Sports performance products- where's the evidence?
With the Olympics nearly upon us, and the Tour de France just having wrapped up, sport performance is the hot topic right now. Even our office- normally a hotbed of discussion about relative risks and numbers needed to treat- is abuzz with talk of who has tickets to what, and if Usain Bolt is really going to repeat his titles in the 100m and 200m.
And with the Olympics comes a predictable pattern of people who have been just a little bit too sedentary- which we know is bad for us - perking up and deciding to get back in shape.
To get going on these new exercise programmes, everyone knows that a flash new pair of training shoes will help ensure you can exercise safely and prevent injury, right? And that when you finish that run, there’s nothing that will quench your thirst and replace what you’ve lost quite like a specially-formulated sports drink.

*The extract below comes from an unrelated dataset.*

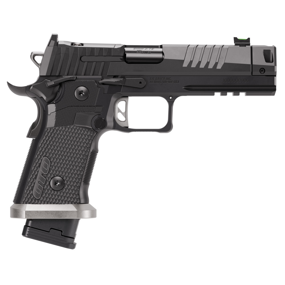 Sig Sauer P211, Semi-automatic, Single Action Only, Metal Frame Pistol, Full Size, 9MM, 4.4" Barrel, MACH3D Compensator, Nitron Finish, Black, Sig-Loc Pro Footprint Optics Ready Slide, Fiber Optic Sights, Flared Magwell, 3 Magazines, (2)-21 Round & (1)-23 Round 211F-9-GTO

Whether it’s ‘faster, stronger, for longer’, ‘enhances recovery’, or ‘gives you that extra boost’, sports product marketing is everywhere. Even the official drink of the Olympics this year is Powerade, whose ads claim that ‘Water is Not Enough’.
But our team here in the Centre for Evidence Based Medicine at the University of Oxford, working in conjunction with the BMJ just published a series of studies assessing those claims, and found the evidence worryingly lacking.
Of 431 performance enhancing claims identified from magazine adverts and product websites, we found 146 references underpinning claims like ‘get in the zone with energy to burn’. When we critically appraised these results- about half of which were expert opinion, position papers, narrative reviews, and animal studies so they were not suitable- we found that only 2.7% of the available, appraisable evidence was of high quality and low risk of bias.
So the next time you reach for that sports drink, or are tempted by the latest and greatest training shoe, just think- is there actually any evidence that this is going to help my performance, or help me get fit faster?
Graeme Obree- 'the flying Scotsman' , former cycling world-record holder and Olympic champion- insists that his secret to success was bread and jam sandwiches and eating a balanced diet.
His point? That what you need to do is train hard and eat well, not follow the latest and greatest sport supplement. Our point? That the only available studies that underpin these claims are of strikingly poor quality.
Decide for yourself. It’s all in the evidence.